Download Ecological Approaches to Early Modern English Texts Book in PDF, Epub and Kindle

Within early modern scholarship, ecocriticism has steadily gained footing, and early modern literary studies looks increasingly 'green'; yet the field lacks an accessible collection on reading and teaching early modern texts ecocritically. Filling this gap in the literature, this book includes a diverse selection of chapters that engage the complex issues that arise when reading and teaching early modern texts from a green perspective.

Shipwreck Modernity

Shipwreck Modernity
Author: Steve Mentz
Publisher: U of Minnesota Press
Total Pages: 256
Release: 2015-12-10
Genre: Literary Criticism
ISBN: 1452945543

Download Shipwreck Modernity Book in PDF, Epub and Kindle

Shipwreck Modernity engages early modern representations of maritime disaster in order to describe the global experience of ecological crisis. In the wet chaos of catastrophe, sailors sought temporary security as their worlds were turned upside down. Similarly, writers, poets, and other thinkers searched for stability amid the cultural shifts that resulted from global expansion. The ancient master plot of shipwreck provided a literary language for their dislocation and uncertainty.
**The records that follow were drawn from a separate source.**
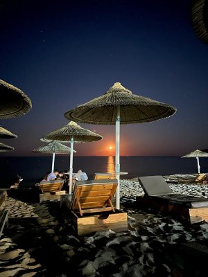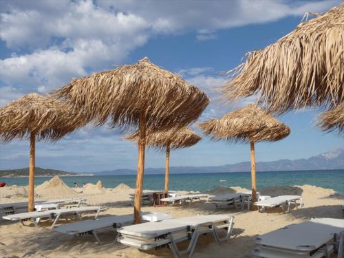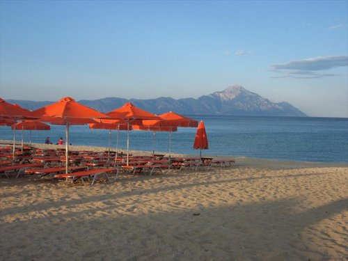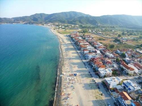 jedno z nejkrásnějších letovisek v celém Řecku s jedinečnou 3,5 km dlouhou písečnou pláží s pozvolným vstupem do moře, pláž je vzdálena pouhých 70 m, lehátka a slunečníky na pláži za poplatek (u plážových barů), velký výběr vodních sportů za poplatek, plážový volejbal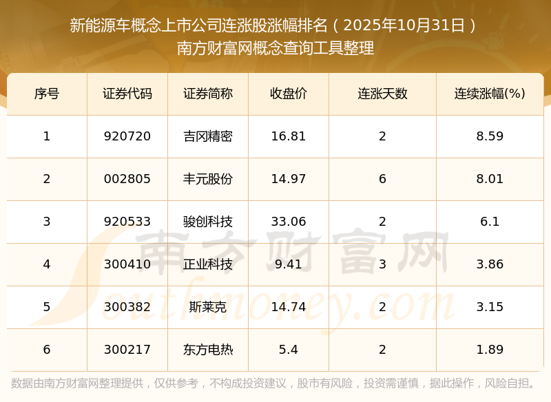 根據(jù)南方財富網(wǎng)概念查詢工具數(shù)據(jù)統(tǒng)計,截止2025年10月31日收盤,新能源車概念上市公司共有6只個股實現(xiàn)連漲。其中連續(xù)漲幅較大的個股有吉岡精密、豐元股份、駿創(chuàng)科技等,連續(xù)漲幅分別為8.59%、8.01%、6.10%。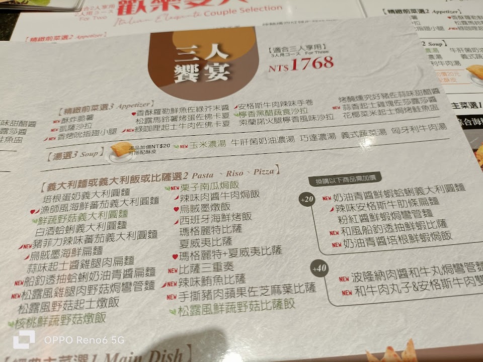 服務態度佳 餐點好吃 服務 內用 餐點類型 午餐 平均每人消費金額 $400-600 餐點:5 服務:5 氣氛:5 建議的餐點 雙人 套餐, 烤醃燻究好豬佐義式香草油 停車位 很多停車位 附近的停車場 免費停車場 停車場 不確定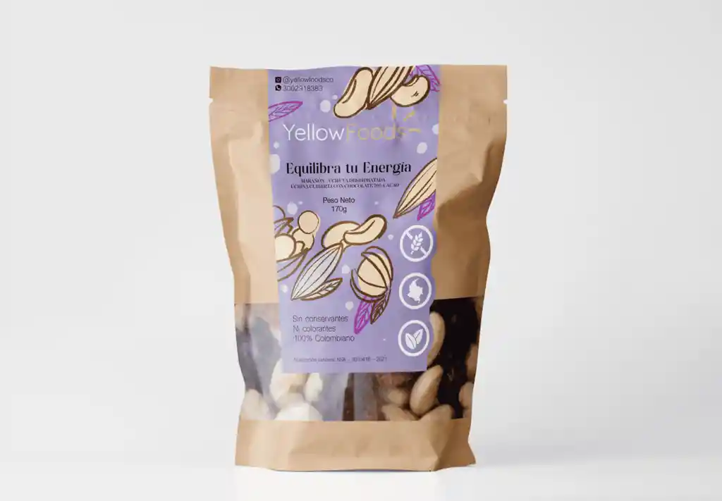 MARAÑON, UCHUVA DESHIDRATADA Y UCHUVA CUBIERTA CON CHOCOLATE 70% CACAO Es un snack fuente de fibra el cual promueve una adecuada digestión. Contiene un excelente aporte de proteína y grasas saludables que favorecen los niveles de saciedad. Podría tener un efecto positivo en las hormonas que permiten tener un estado de ánimo tranquilo y relajado. Puede favorecer el funcionamiento muscular. Tiene un contenido importante de fósforo, hierro, potasio, zinc y ácidos grasos monoinsaturados. Aliado para ejercicio de corta duración y alta intensidad Recomendado como snack de media tarde.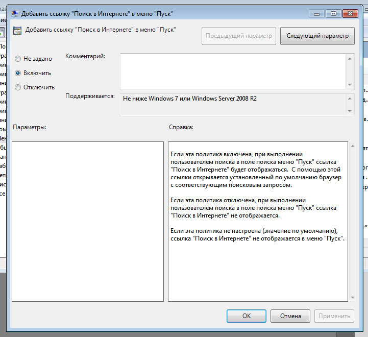 После чего двойным нажатие левой кнопкой мыши по "Добавить ссылку «Поиск в интернете» в меню «Пуск»" - откроется окно, в котором меняем с "Не задано" на "Включить"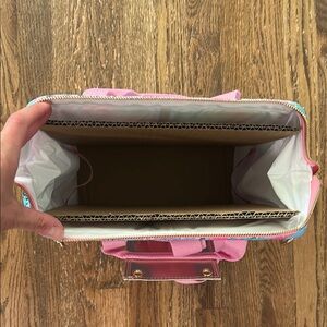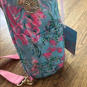Embrace vibrant style with this Lilly Pulitzer cooler backpack, showcasing a lively pink and blue color palette. Designed with a tropical print, it offers a chic and functional way to carry your essentials. Perfect for adding a splash of color to your everyday adventures.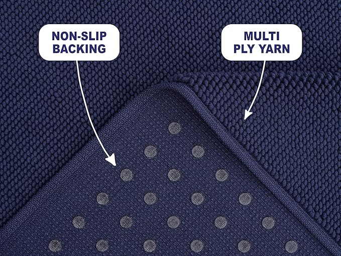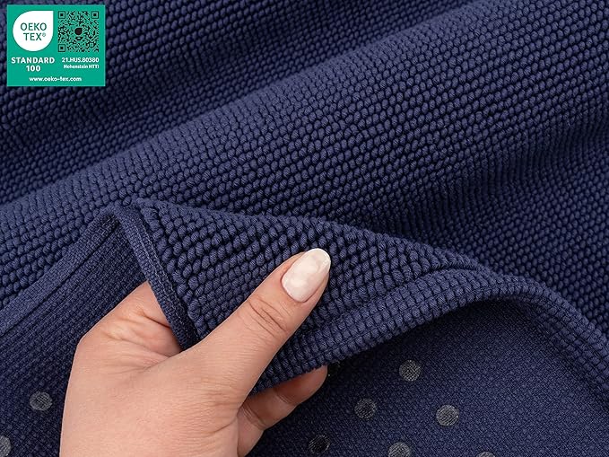 American Soft Linen Bath Rug, 17 in 24 in 100% Cotton Bath Mats Rugs for Bathroom, Slip Reducer Washable Shaggy Form Area Rugs, Navy Blue Bath Rug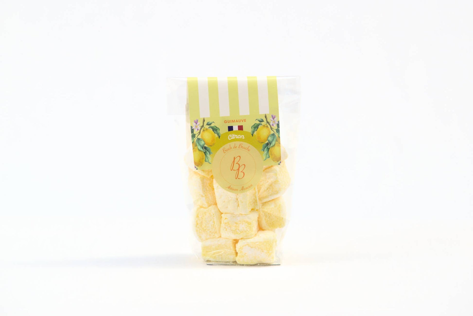 Disse håndlagde sitronmarshmallowsene fra Bisch de Bruche er lette, myke og friskt smaksatt med sitron. Den fine balansen mellom mild sødme og frisk syrlighet gir en ren og behagelig smak som ikke blir for tung.

Steve Mentz identifies three paradigms that expose the cultural meanings of shipwreck in historical and imaginative texts from the mid-sixteenth through the early eighteenth centuries: wet globalization, blue ecology, and shipwreck modernity. The years during which the English nation and its emerging colonies began to define themselves through oceangoing expansion were also a time when maritime disaster occupied sailors, poets, playwrights, sermon makers, and many others. Through coming to terms with shipwreck, these figures adapted to disruptive change. Traces of shipwreck ecology appear in canonical literature from Shakespeare to Donne to Defoe and also in sermons, tales of survival, amateur poetry, and the diaries of seventeenth-century English sailors. The isolated islands of Bermuda and the perils of divine anger hold central places. Modern sailor-poets including Herman Melville serve as valuable touchstones in the effort to parse the reality and understandings of global shipwreck. Offering the first ecocritical account of early modern shipwreck narratives, Shipwreck Modernity reveals the surprisingly modern truths to be found in these early stories of ecological collapse.

Exhausted Ecologies

Exhausted Ecologies
Author: Andrew Kalaidjian
Publisher: Cambridge University Press
Total Pages: 245
Release: 2020-01-23
Genre: Literary Criticism
ISBN: 1108477917

Download Exhausted Ecologies Book in PDF, Epub and Kindle

Modern literature and environmentalism combined ecology, psychology, and aesthetics to restore communal well-being to the United Kingdom after world war.

Ecology and Empire

Ecology and Empire
Author: Tom Griffiths
Publisher: University of Washington Press
Total Pages: 260
Release: 1997
Genre: Nature
ISBN: 9780295976679

Download Ecology and Empire Book in PDF, Epub and Kindle

Ecology and Empire forged a historical partnership of great power -- and one which, particularly in the last 500 years, radically changed human and natural history across the globe. This book scrutinizes European expansion from the perspectives of the so-called colonized peripheries, the settler societies. It begins with Australia as a prism through which to consider the relations between settlers and their lands, but moves well beyond this to a range of lands of empire. It uses their distinctive ecologies and histories to shed new light on both the imperial and the settler environmental experience. Ecology and Empire also explores the way in which the science of ecology itself was an artifact of empire, drawing together the fields of imperial history and the history of science.